Output everything in the data exactly, leaving the pictures out.

--- THE DATA ---
::::::::::
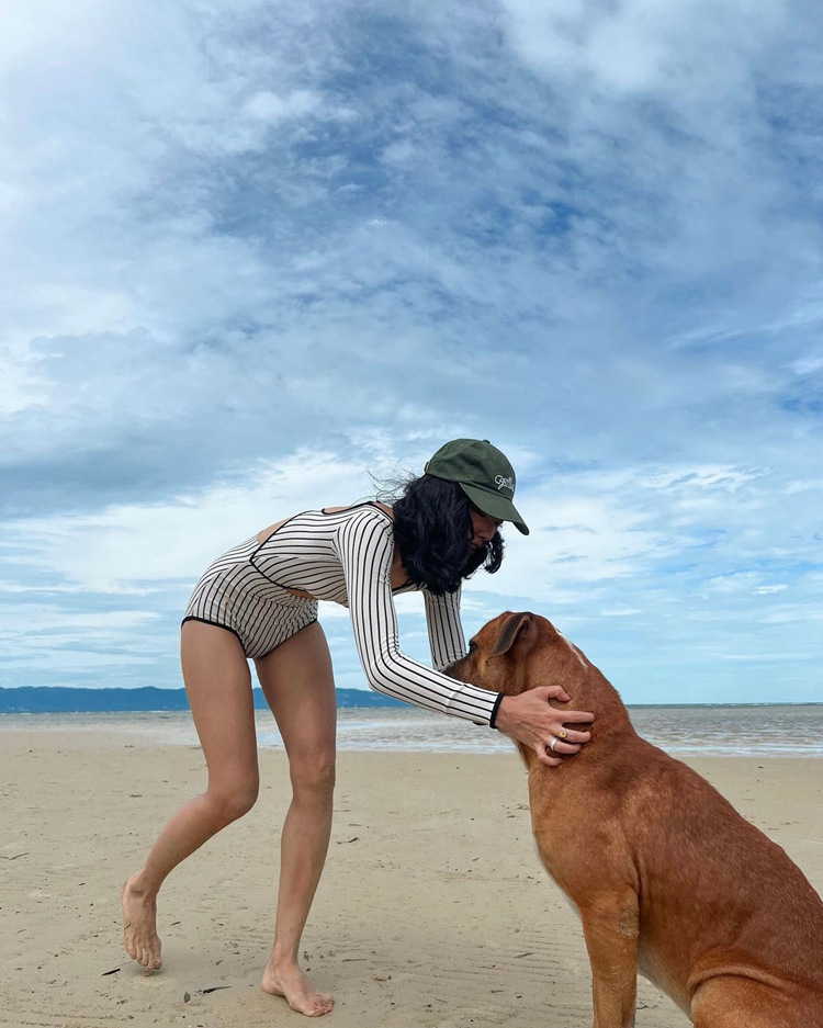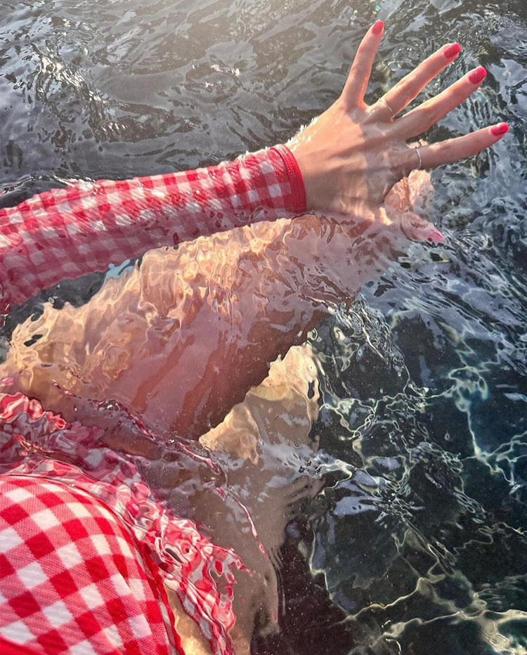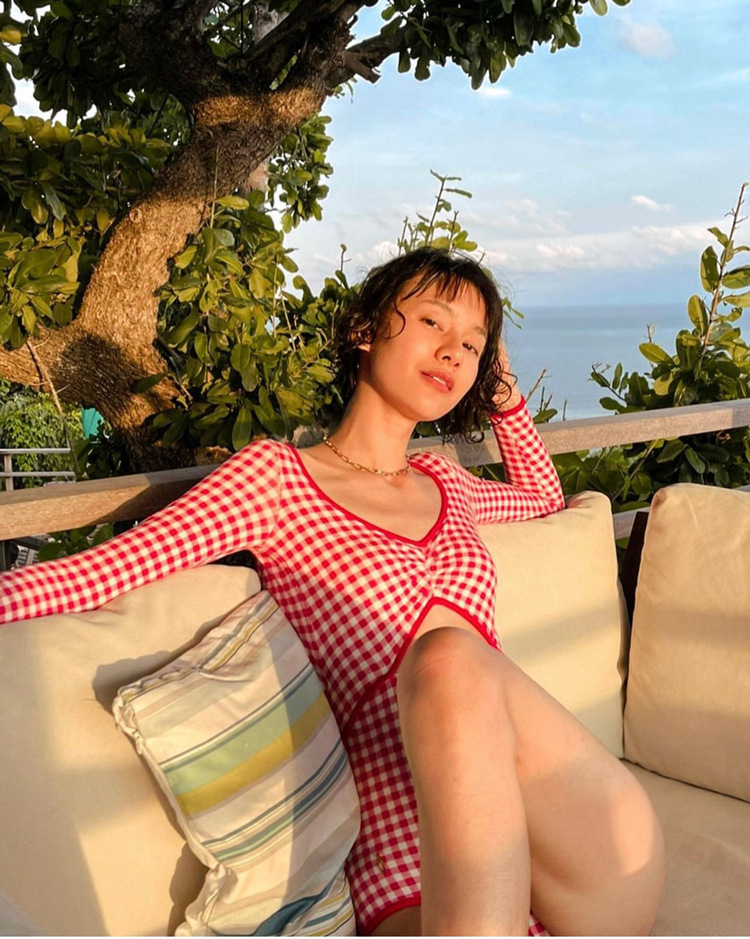 2025 빈티지 격자 무늬 긴팔 선 스크린 수영복 여성 인스 타 그램 스타일 휴가 온천 하이 엔드 슬림 백리스 수영복스토어 가기
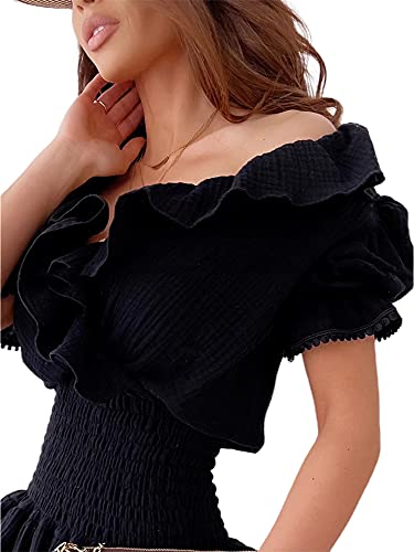 PanLidapan Vestito Corto Estate con Scollo a V e Maniche Corte Abito Vita AltaAbito Donna Elegante da Serimonia Mini Abito Donna (Nero, X-L)
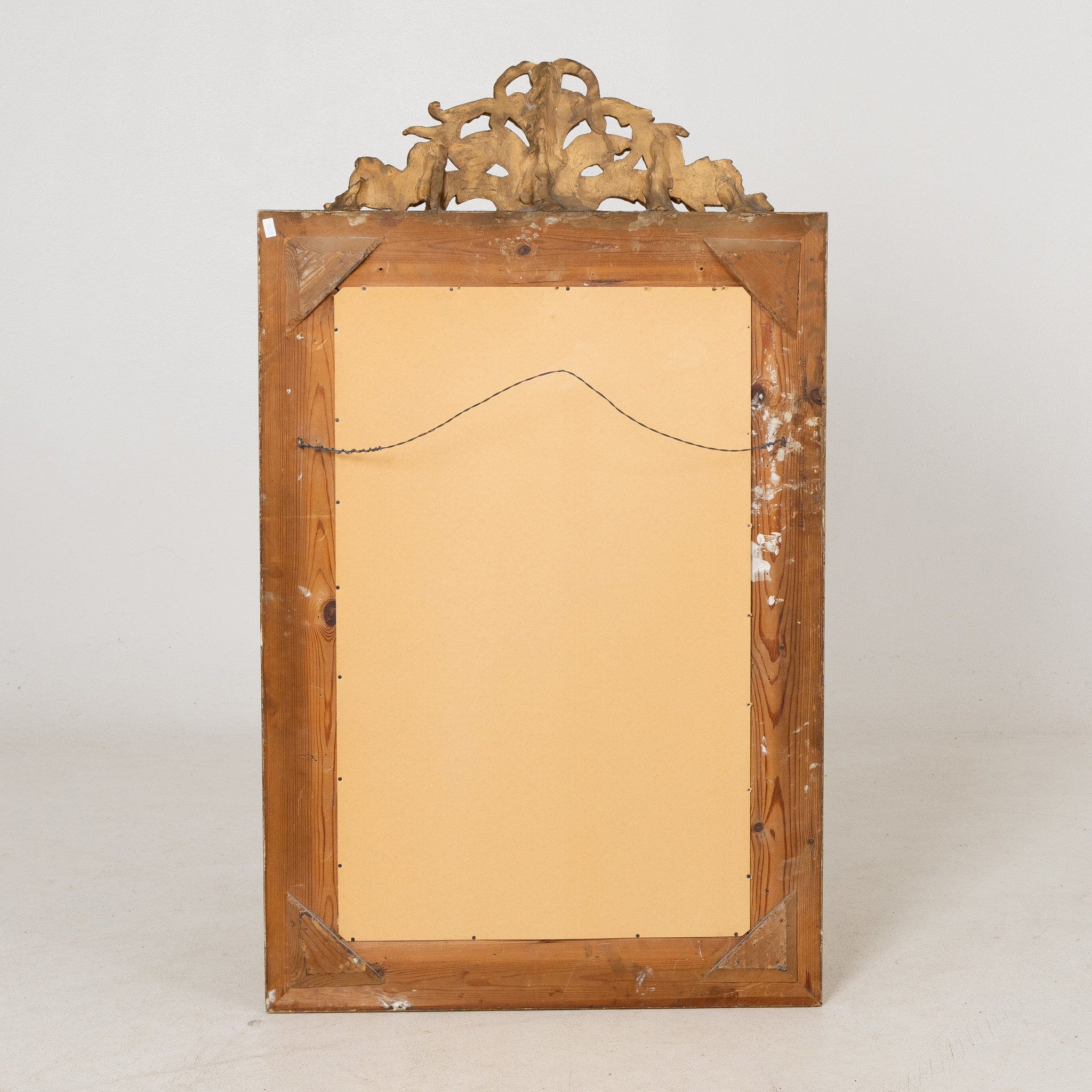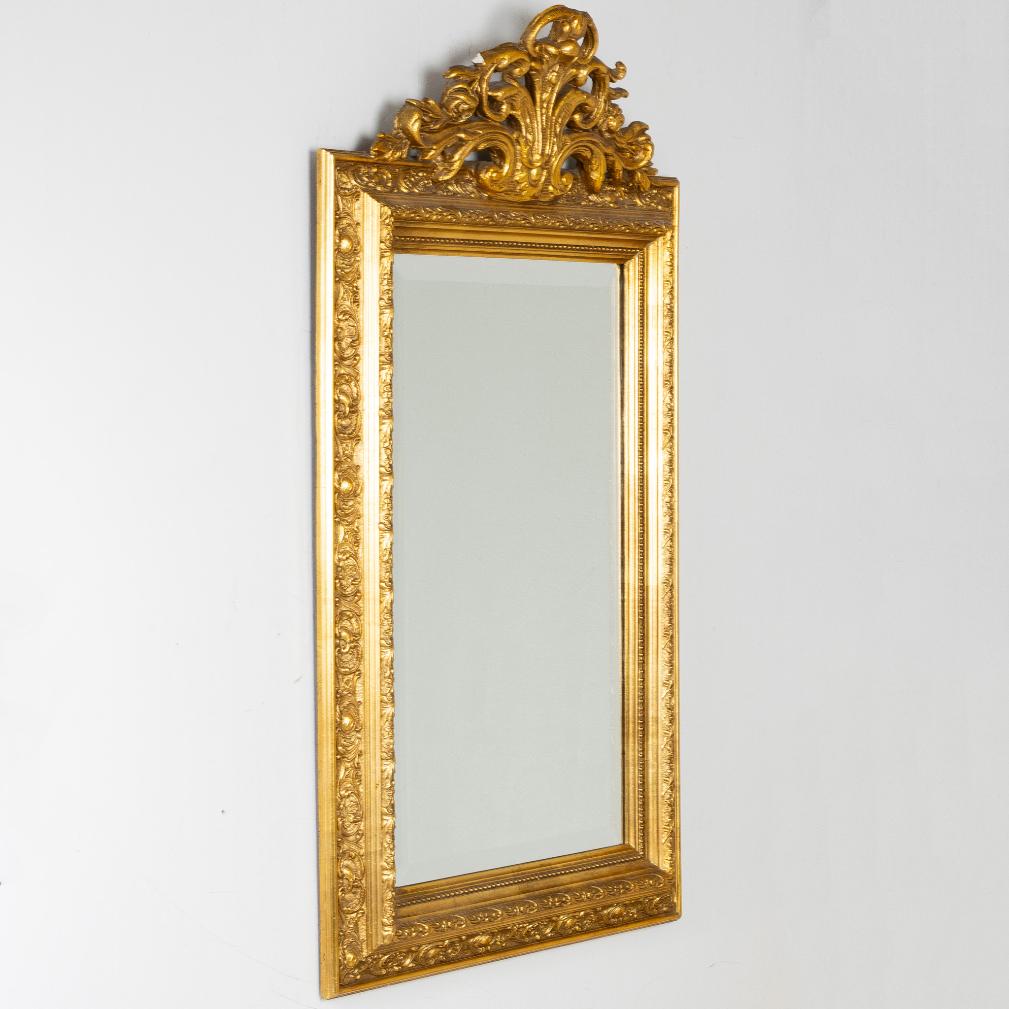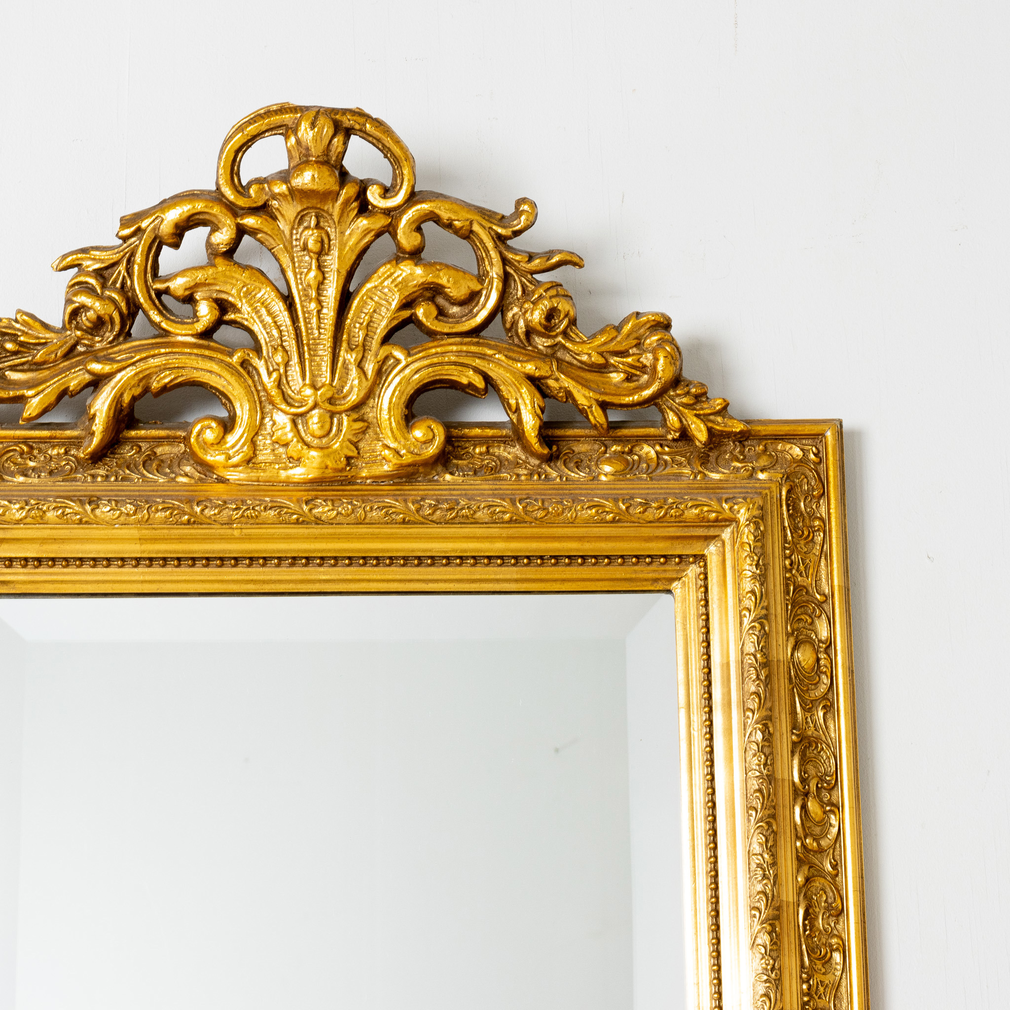 Ram med riklig pastellagedekor, genombrutet krön, fasettslipat glas, ca 107 x 62 cm
::::::::::
--- RESPONSE ---
 2025 빈티지 격자 무늬 긴팔 선 스크린 수영복 여성 인스 타 그램 스타일 휴가 온천 하이 엔드 슬림 백리스 수영복스토어 가기
 PanLidapan Vestito Corto Estate con Scollo a V e Maniche Corte Abito Vita AltaAbito Donna Elegante da Serimonia Mini Abito Donna (Nero, X-L)
 Ram med riklig pastellagedekor, genombrutet krön, fasettslipat glas, ca 107 x 62 cm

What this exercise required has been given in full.